EXERCISE:
In the entries that follow, the lines from the line containing "Tyler Silk Blouse" up to and including the line containing "近日,全国新文科实践创新大赛" must be copied exactly, with pictures omitted.

(Beginning of SUPPLIED MATERIAL)

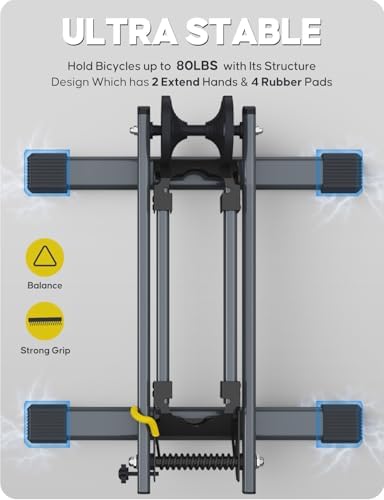 - No-Tools Installation & Compact Design: This bike stand features a dual-pole spring-arm mechanism that automatically expands when a bike is pushed in. Designed for indoor bike parking. Compatible with road bikes, mountain bikes, cyclocross bike, hybrid bike and more, it’s a practical solution for organized storage.
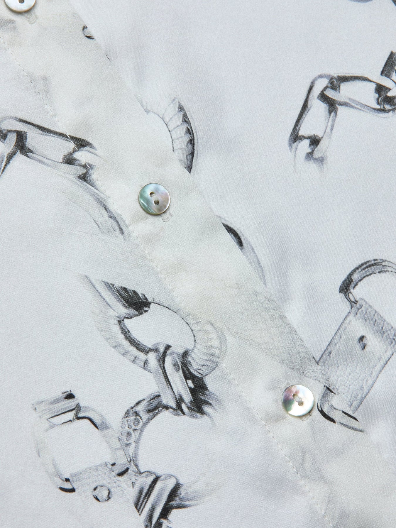 Tyler Silk Blouse Ivory/Grey Small Faded Chain
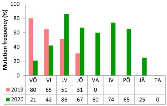 Mutation G143A frequencies in CytB gene by Estonian counties in 2019 and 2020. Counties are Võru (VÕ), Viljandi (VI), Lääne-Viru (LV), Jõgeva (JÕ), Valga (VA), Ida-Viru (IV), Põlva (PÕ), Järva (JÄ), Tartu (TA).
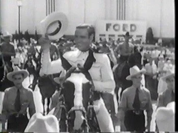 Gene, vastly uncomfortable in his role as Tom Ford's double, rides in the parade to the tune of “Ride Ranger Ride” and is welcomed by the personal representative of the Governor of Texas, who couldn't be there. He is presented with an honorary membership in the Texas Rangers and responds with a short speech. He is then introduced to the head of the Texas Rangers, Captain Leonard Pack, and his famous horse, Texas.
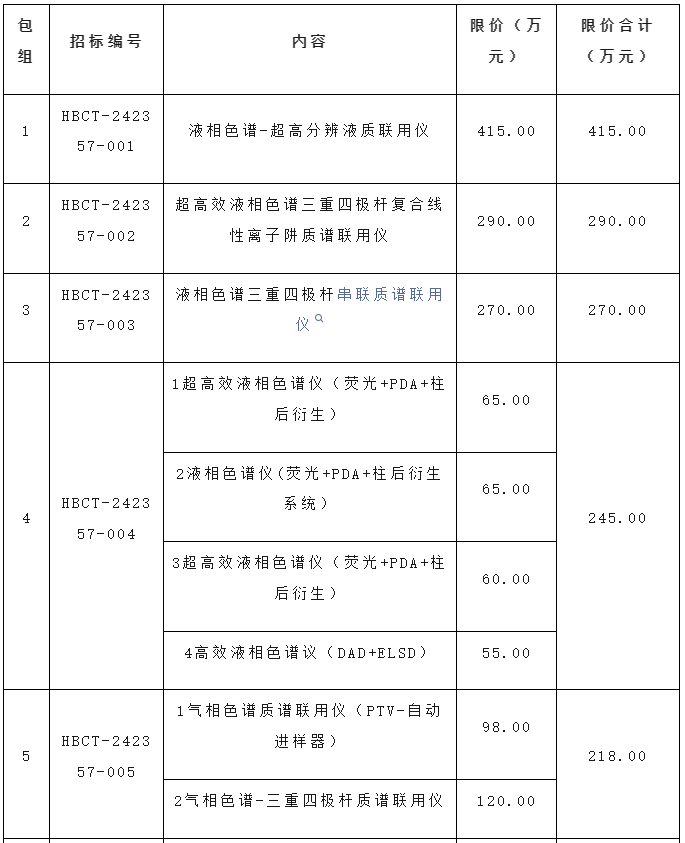 11月1日,中國(guó)政府采購(gòu)網(wǎng)發(fā)布了石家莊海關(guān)技術(shù)中心2024年實(shí)驗(yàn)室儀器設(shè)備更新項(xiàng)目公開招標(biāo)公告,項(xiàng)目預(yù)算金額2397萬(wàn)元,采購(gòu)液相色譜-超高分辨液質(zhì)聯(lián)用儀、高效液相色譜議、氣相色譜-三重四極桿質(zhì)譜聯(lián)用儀、原子吸收分光光度計(jì)等儀器設(shè)備。
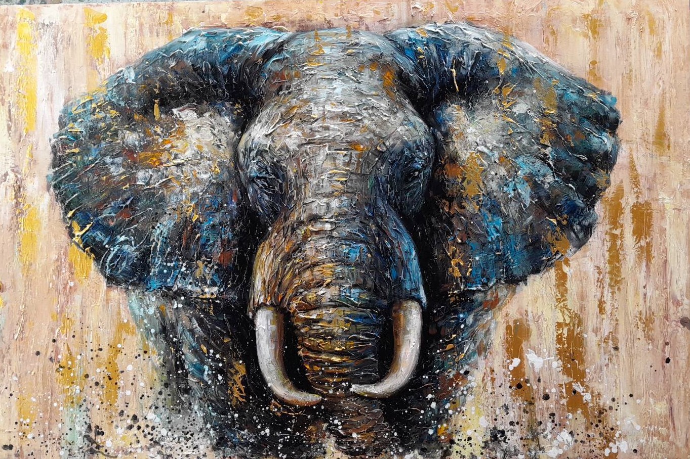 This elegant painting showcases a graceful elephant against a warm beige backdrop, creating a sense of calm and sophistication.
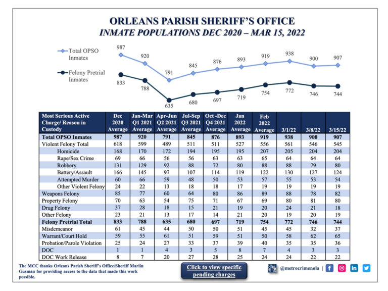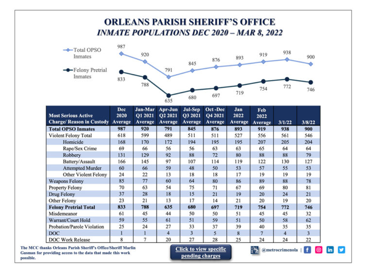 Inmate Population Highlights: 210 (23% of inmates) awaiting trial on murder charges 544 (60% of…
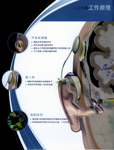 人工耳蝸(Cochlear Implant)是一種電子裝置,由體外言語處理器將聲音轉(zhuǎn)換為一定編碼形式的電信號,通過植入體內(nèi)的電極系統(tǒng)直接興奮聽神經(jīng)來恢復或重建聾人的聽覺功能。近年來,隨著電子技術(shù)、計算機技術(shù)、語音學、電生理學、材料學、耳顯微外科學的發(fā)展,人工耳蝸已經(jīng)從實驗研究進入臨床應(yīng)用。現(xiàn)在全世界已把人工耳蝸作為治療重度聾至全聾的常規(guī)方法。
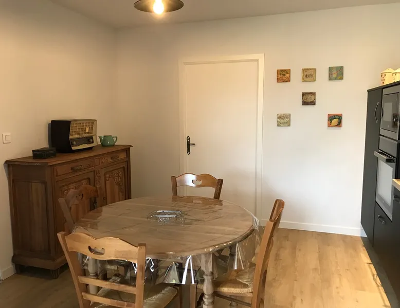 "La Maison d'Alice" fully renovated family home, quality finishes and amenities. Ground floor living room, dining room, 1 integrated kitchen, laundry room, toilet. Upstairs bathroom, shower, bathtub, toilet. 3 nicely decorated bedrooms. 1 bedroom, 160 x 200 bed 1 bedroom 1 bed 160 x 200 2 beds 90 x 190, 1 bedroom 1 bed 130 x 180. Baby equipment, baby bed, highchair, bathtub. Bed linen, bathroom linen included. Wi-Fi, TV. The space La Maison d'Alice is a very comfortable and warm family home with neat decor. Private enclosed grassy courtyard, covered terrace for dining or relaxing. Other things to note La Maison d'Alice is ideally located for discovering our beautiful region.
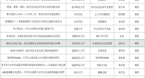 近日,全国新文科实践创新大赛决赛结果揭晓。法学院法学专业本科生赵梓含、社会工作专业研究生李晶等学生组成的礼俗新风社会实践团,凭借作品《婚俗文化的力量:农村高额彩礼治理的结构性顽疾及纾解》荣获全国铜奖,取得我校在该项赛事中的最佳成绩。
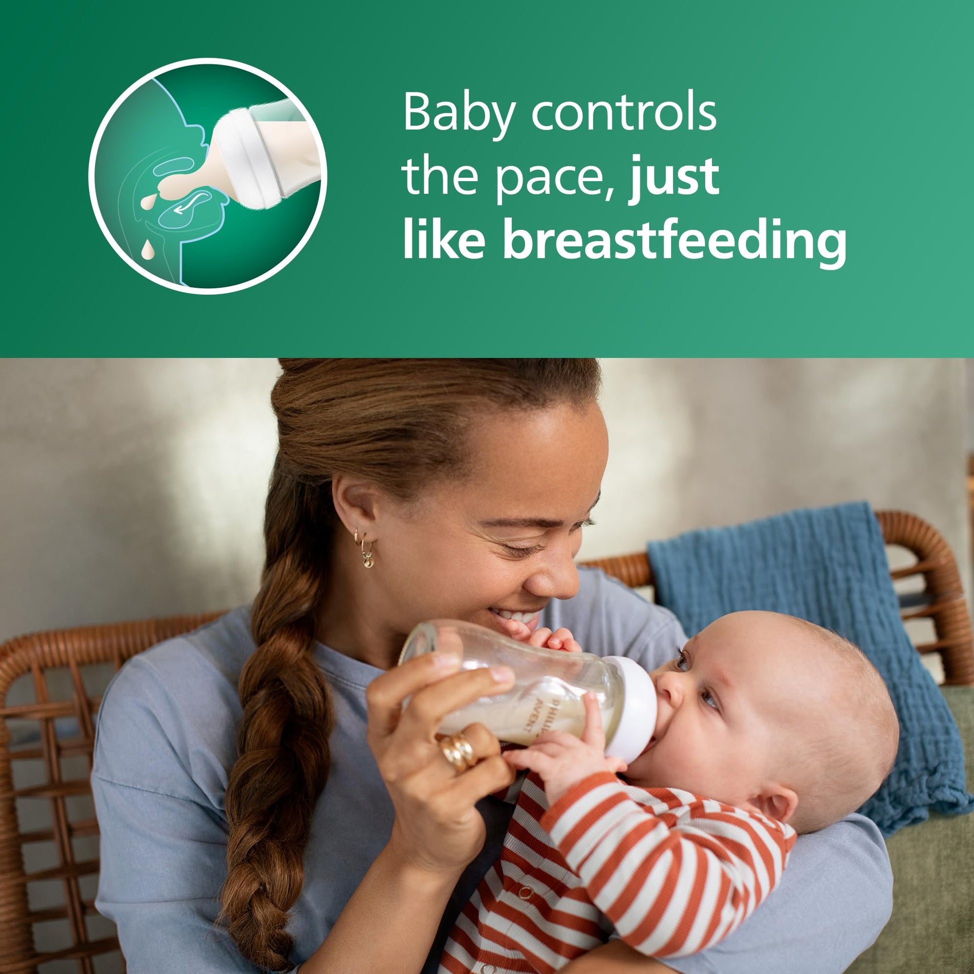 - Philips Avent Glass Natural bottle with the Natural Response nipple lets baby control the pace of the milk, like they do when breastfeeding.
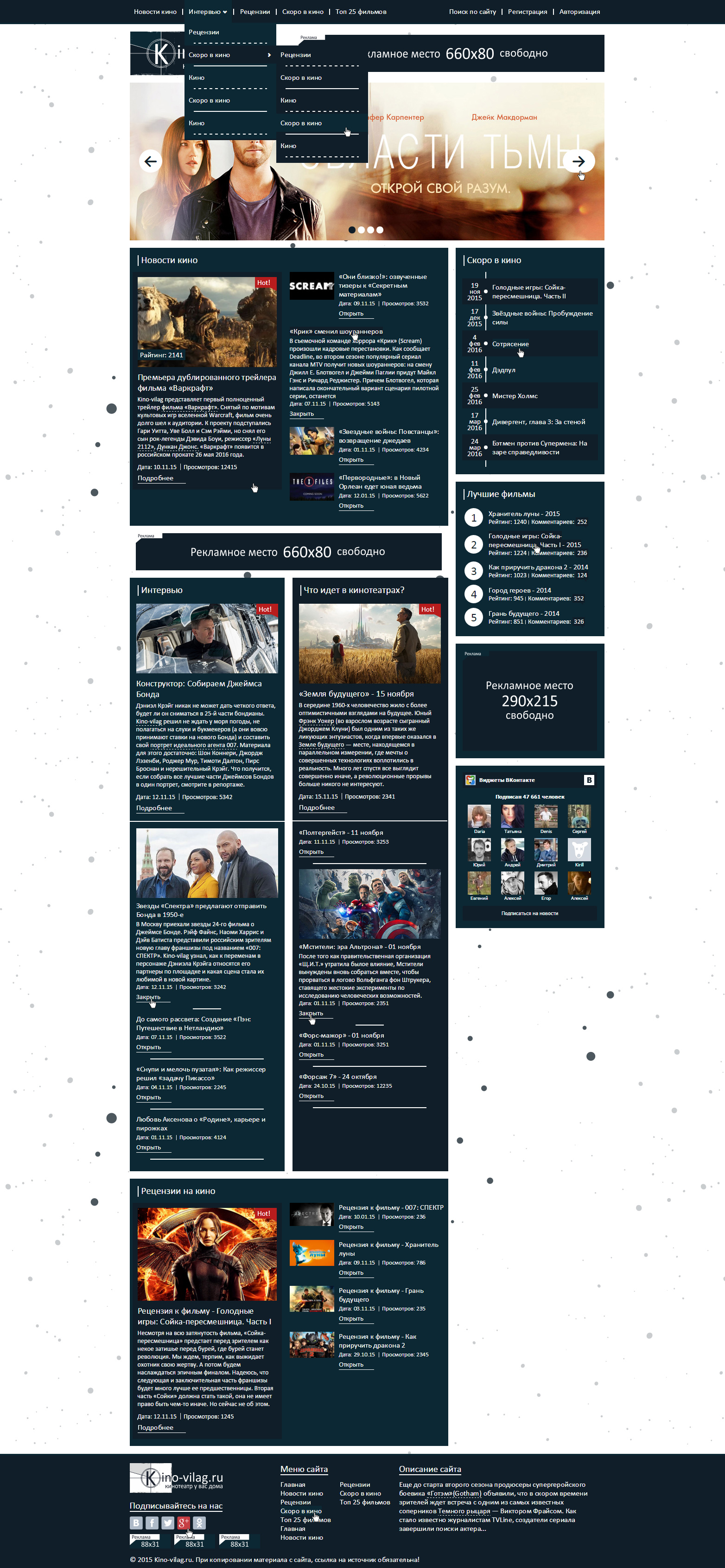 Представлю адаптивный шаблон Kino-vilag на кино тиматику в темных тонах.

(End of SUPPLIED MATERIAL)

THE ANSWER:
 Tyler Silk Blouse Ivory/Grey Small Faded Chain
 Mutation G143A frequencies in CytB gene by Estonian counties in 2019 and 2020. Counties are Võru (VÕ), Viljandi (VI), Lääne-Viru (LV), Jõgeva (JÕ), Valga (VA), Ida-Viru (IV), Põlva (PÕ), Järva (JÄ), Tartu (TA).
 Gene, vastly uncomfortable in his role as Tom Ford's double, rides in the parade to the tune of “Ride Ranger Ride” and is welcomed by the personal representative of the Governor of Texas, who couldn't be there. He is presented with an honorary membership in the Texas Rangers and responds with a short speech. He is then introduced to the head of the Texas Rangers, Captain Leonard Pack, and his famous horse, Texas.
 11月1日,中國(guó)政府采購(gòu)網(wǎng)發(fā)布了石家莊海關(guān)技術(shù)中心2024年實(shí)驗(yàn)室儀器設(shè)備更新項(xiàng)目公開招標(biāo)公告,項(xiàng)目預(yù)算金額2397萬(wàn)元,采購(gòu)液相色譜-超高分辨液質(zhì)聯(lián)用儀、高效液相色譜議、氣相色譜-三重四極桿質(zhì)譜聯(lián)用儀、原子吸收分光光度計(jì)等儀器設(shè)備。
 This elegant painting showcases a graceful elephant against a warm beige backdrop, creating a sense of calm and sophistication.
 Inmate Population Highlights: 210 (23% of inmates) awaiting trial on murder charges 544 (60% of…
 人工耳蝸(Cochlear Implant)是一種電子裝置,由體外言語處理器將聲音轉(zhuǎn)換為一定編碼形式的電信號,通過植入體內(nèi)的電極系統(tǒng)直接興奮聽神經(jīng)來恢復或重建聾人的聽覺功能。近年來,隨著電子技術(shù)、計算機技術(shù)、語音學、電生理學、材料學、耳顯微外科學的發(fā)展,人工耳蝸已經(jīng)從實驗研究進入臨床應(yīng)用。現(xiàn)在全世界已把人工耳蝸作為治療重度聾至全聾的常規(guī)方法。
 "La Maison d'Alice" fully renovated family home, quality finishes and amenities. Ground floor living room, dining room, 1 integrated kitchen, laundry room, toilet. Upstairs bathroom, shower, bathtub, toilet. 3 nicely decorated bedrooms. 1 bedroom, 160 x 200 bed 1 bedroom 1 bed 160 x 200 2 beds 90 x 190, 1 bedroom 1 bed 130 x 180. Baby equipment, baby bed, highchair, bathtub. Bed linen, bathroom linen included. Wi-Fi, TV. The space La Maison d'Alice is a very comfortable and warm family home with neat decor. Private enclosed grassy courtyard, covered terrace for dining or relaxing. Other things to note La Maison d'Alice is ideally located for discovering our beautiful region.
 近日,全国新文科实践创新大赛决赛结果揭晓。法学院法学专业本科生赵梓含、社会工作专业研究生李晶等学生组成的礼俗新风社会实践团,凭借作品《婚俗文化的力量:农村高额彩礼治理的结构性顽疾及纾解》荣获全国铜奖,取得我校在该项赛事中的最佳成绩。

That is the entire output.